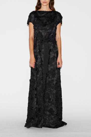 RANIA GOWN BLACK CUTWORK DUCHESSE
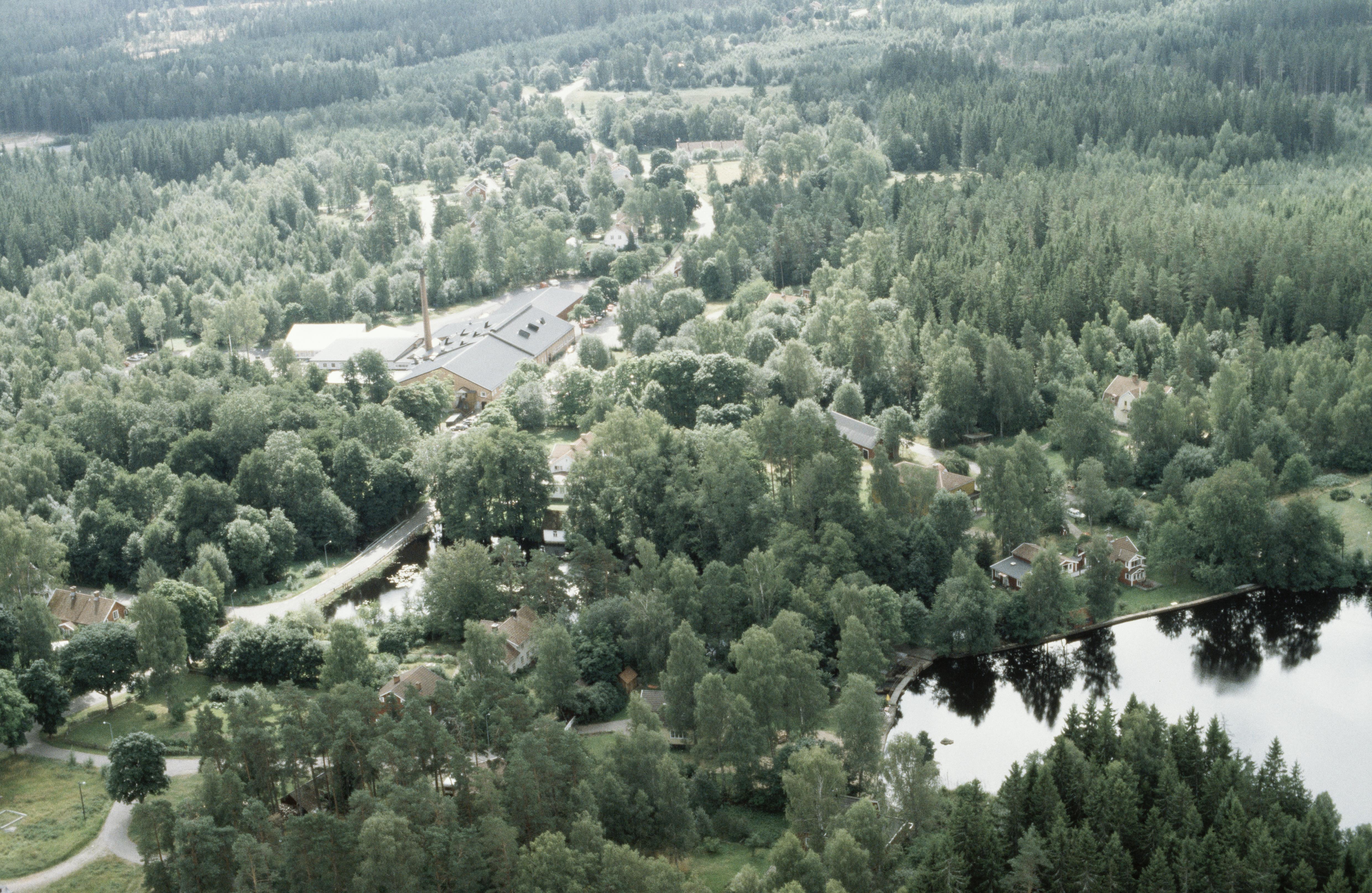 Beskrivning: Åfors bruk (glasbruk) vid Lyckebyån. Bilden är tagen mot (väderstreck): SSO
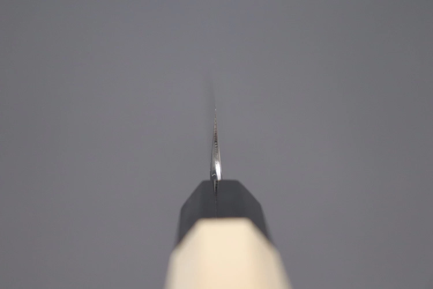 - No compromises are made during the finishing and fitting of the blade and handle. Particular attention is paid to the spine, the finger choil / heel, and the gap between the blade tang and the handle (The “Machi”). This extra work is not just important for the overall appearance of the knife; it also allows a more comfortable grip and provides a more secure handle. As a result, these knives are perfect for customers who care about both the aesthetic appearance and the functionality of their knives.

> **Brief**: A verbatim copy of the listing, with all pictures removed, is required.

> **Exercise output**:
 RANIA GOWN BLACK CUTWORK DUCHESSE
 Beskrivning: Åfors bruk (glasbruk) vid Lyckebyån. Bilden är tagen mot (väderstreck): SSO
 - No compromises are made during the finishing and fitting of the blade and handle. Particular attention is paid to the spine, the finger choil / heel, and the gap between the blade tang and the handle (The “Machi”). This extra work is not just important for the overall appearance of the knife; it also allows a more comfortable grip and provides a more secure handle. As a result, these knives are perfect for customers who care about both the aesthetic appearance and the functionality of their knives.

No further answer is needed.